There are a couple of IDEs where you can run Quarto with Python. For this post we will be focusing on the Quarto extension for VS Code, which offers an extensive variety of tools for editing your documents. As we will show in an upcoming post, you can also render Quarto documents directly from Jupyter notebooks.
First things first you will need to install Quarto. From VS Code, you can then find the extension by clicking on “Settings”, then “Extensions”, then typing “quarto” into the search bar. Select the “Quarto” extension, click “Install” and after a few seconds you’ll be good to go!
A Quarto document is essentially a text file with a .qmd extension.

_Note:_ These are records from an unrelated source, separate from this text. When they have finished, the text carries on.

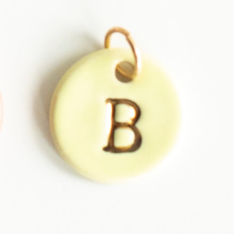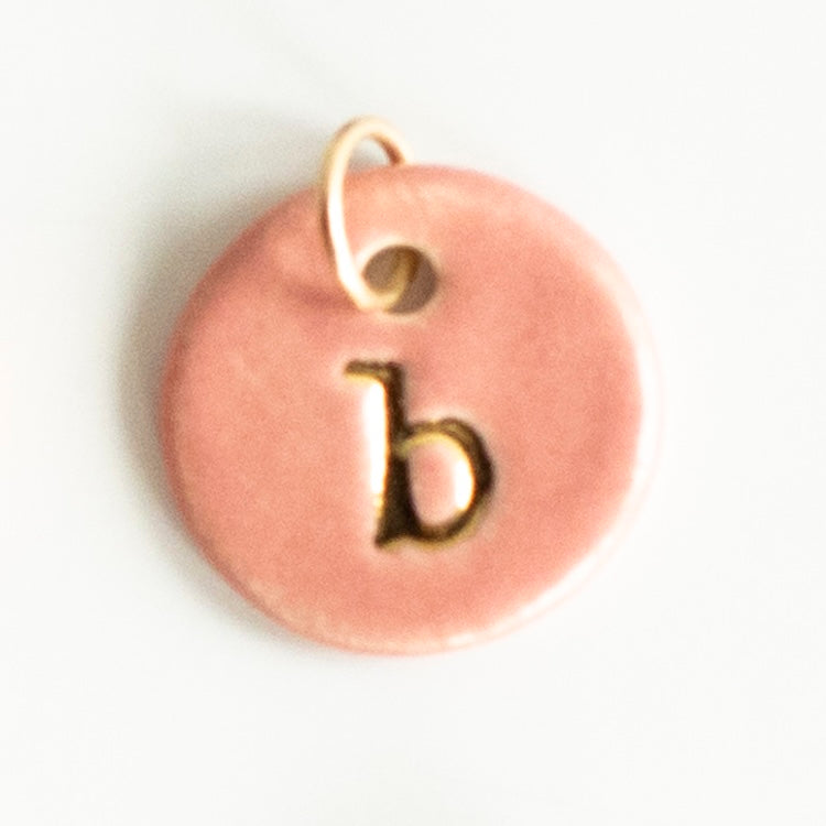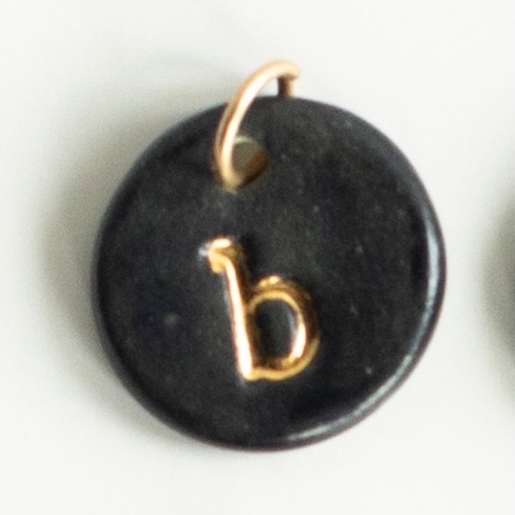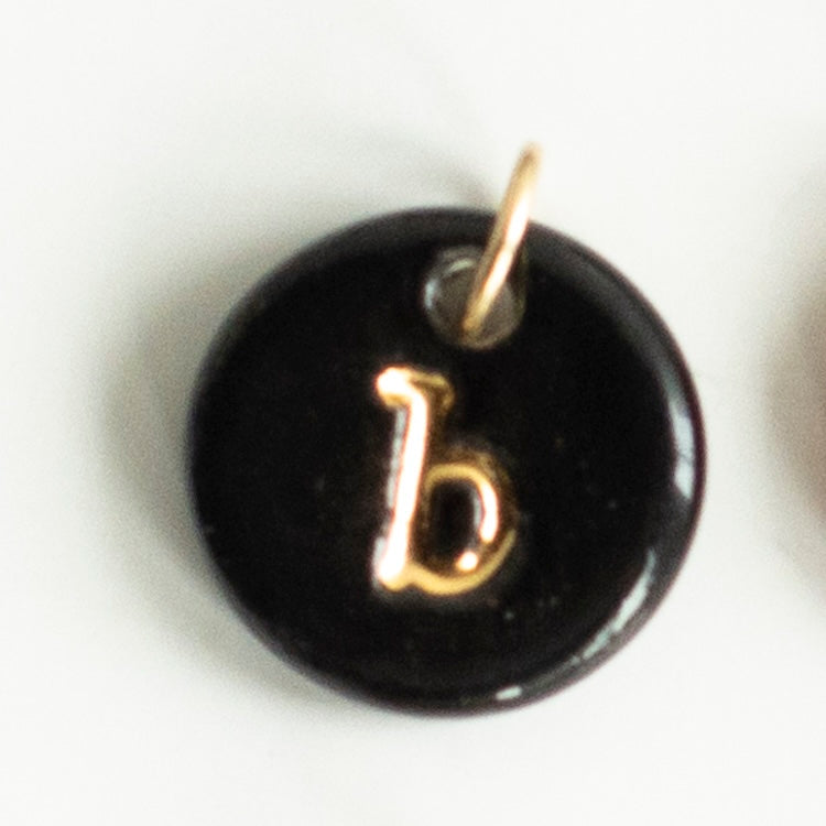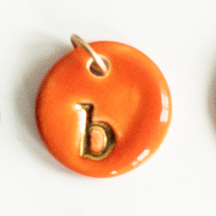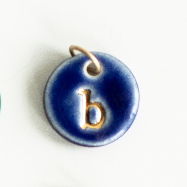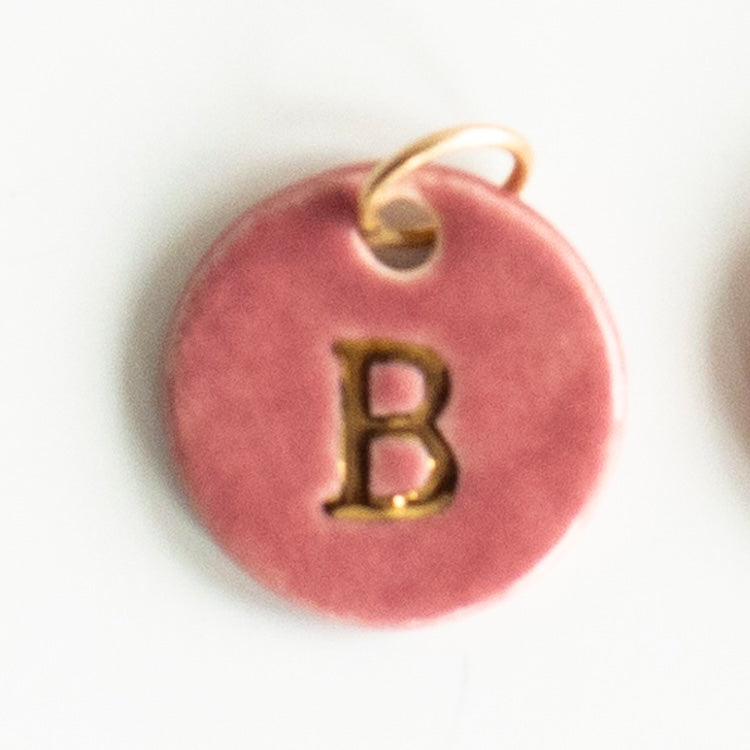 Charms are glazed on both sides for strength and durability; with a 'B' Initial impressed and gilded with 22k gold luster. Each charm measures about half an inch and jump rings are 14/20 gold filled. Each pendant will vary somewhat in color and finish as each are handmade.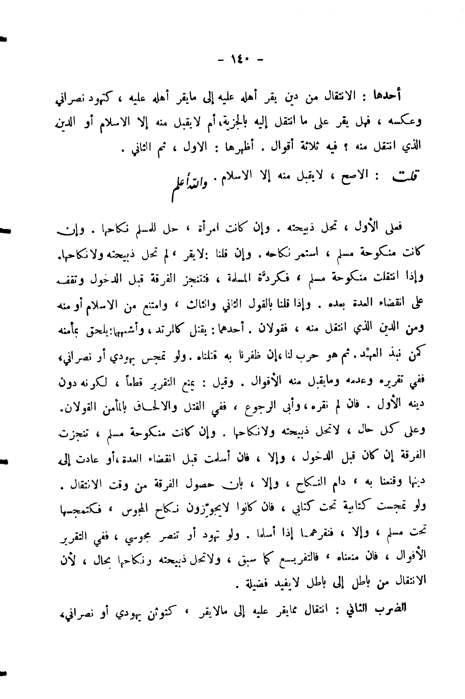 أَحَدُهَا: الِانْتِقَالُ مِنْ دِينٍ يُقَرُّ أَهْلُهُ عَلَيْهِ إِلَى مَا يُقَرُّ أَهْلُهُ عَلَيْهِ، كَتَهَوُّدِ نَصْرَانِيٍّ وَعَكْسِهِ، فَهَلْ يُقَرُّ عَلَى مَا انْتَقَلَ إِلَيْهِ بِالْجِزْيَةِ، أَمْ لَا يُقْبَلُ مِنْهُ إِلَّا الْإِسْلَامُ أَوِ الدِّينُ الَّذِي انْتَقَلَ مِنْهُ؟ فِيهِ ثَلَاثَةُ أَقْوَالٍ. أَظْهَرُهَا: الْأَوَّلُ، ثُمَّ الثَّانِي.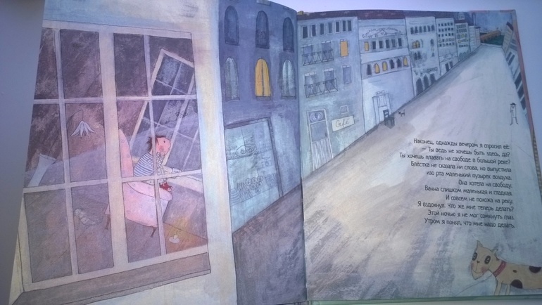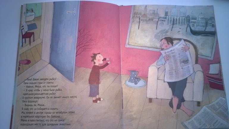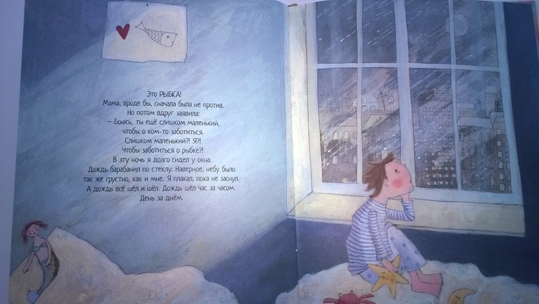 Светик, мне показалось, или всё-таки пропущен один разворот в конце?Мама повела в комнату, а там... и потом же он с аквариумом на берегу реки...А вообще спасибо, что так подробно показала)) Правда хорошая))) Иллюстрации угловатые немного, но зато история добрая, заставляет задуматься...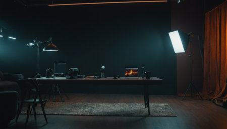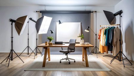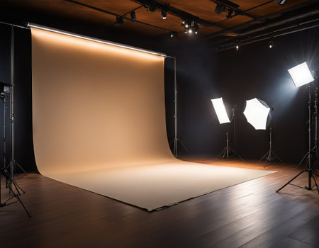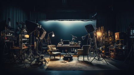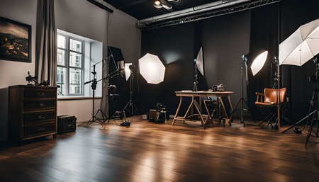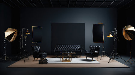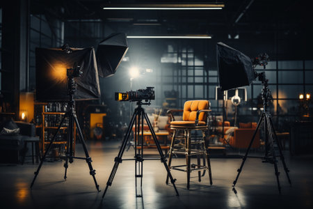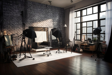 A close - up view of a modern photo studio, showcasing the professional equipment and setup. Generative AI
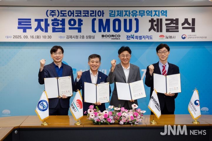 16일 시에 따르면 시청 2층 상황실에서 ㈜도어코코리아와 368억 원 규모의 투자협약(MOU)을 체결했으며 이번 협약으로 김제자유무역지역에 1만 평(33,000㎡) 규모의 제2공장을 신설해 350여 명의 신규 고용이 창출될 예정이다.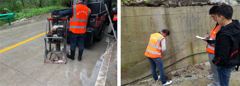 2、路面工程:路面厚度采用鉆孔取芯機(jī)取樣鋼直尺量測(cè),平整度用三米直尺按車(chē)道連續(xù)檢測(cè)。

This can be created in VS Code by clicking on “File”, then “New File…”, then “Quarto Document (qmd)”. Clicking the “Render” button (or using the keyboard shortcut Ctrl+Shift+K) will open a side window with a live preview that will update as you edit the document:
You can also run Quarto via the terminal:
- To preview your document as you edit it:
quarto preview <your-doc>.qmd
- To convert the document from .qmd into the desired output format:
quarto render <your-doc>.qmd
Preparing a document
Let’s use Quarto to write an html web report about penguins! 🐧
If you wish to run the code yourself you will need the following dependencies:
These can be installed with:
python3 -m pip install pandas plotly statsmodels
1) YAML header
To start, we’ll need a YAML header.
YAML is a human readable language often used to write configuration files. In Quarto, it’s used to configure the settings for the presentation and formatting of the documents.
The header is fenced above and below by three hyphens (---
). The example below
includes some common settings:
---
title: "Reporting on the bill length of penguins"
author: "Myles Mitchell & Parisa Gregg"
date: "14 December 2022"
format: html
jupyter: python3
---
- The first three should be self-explanatory!
format
sets the preferred output format for your document (html, pdf, docx, …)jupyter
sets the kernel for executing embedded Python code
You don’t have to specify a Jupyter kernel if the first code chunk is in Python; in that case, Quarto will know to use Jupyter (although you may still wish to select a specific kernel).
2) Markdown text
The main body of text is written in markdown syntax. If you haven’t used markdown before, it’s an easy-to-learn language that allows you to combine plain text and blocks of code.
We’ll say a bit more about Python code chunks below, but for a quick guide to markdown basics, the Quarto documentation is a great place to start!
Here’s an opening passage for our report, written in markdown:
## Abstract
Prepare yourself for a life-changing article about penguins...
## Introduction
[Penguins](https://en.wikipedia.org/wiki/Penguin) are a family
(**Spheniscidae**) of aquatic flightless
[birds](https://en.wikipedia.org/wiki/Bird) that live primarily in the
[Southern Hemisphere](https://en.wikipedia.org/wiki/Southern_Hemisphere).
Their diet consists of:
- Krill
- Fish
- Squid
- More fish
There are 18 species of penguin, including:
1. Macaroni penguin (*Eudyptes chrysolophus*)
2. Chinstrap penguin (*Pygoscelis antarcticus*)
3. Gentoo penguin (*Pygoscelis papua*)
We’ve included hyperlinks, bullet points, numbered lists, bold and italic font using the asterisk symbol, and subheadings using the hash symbol.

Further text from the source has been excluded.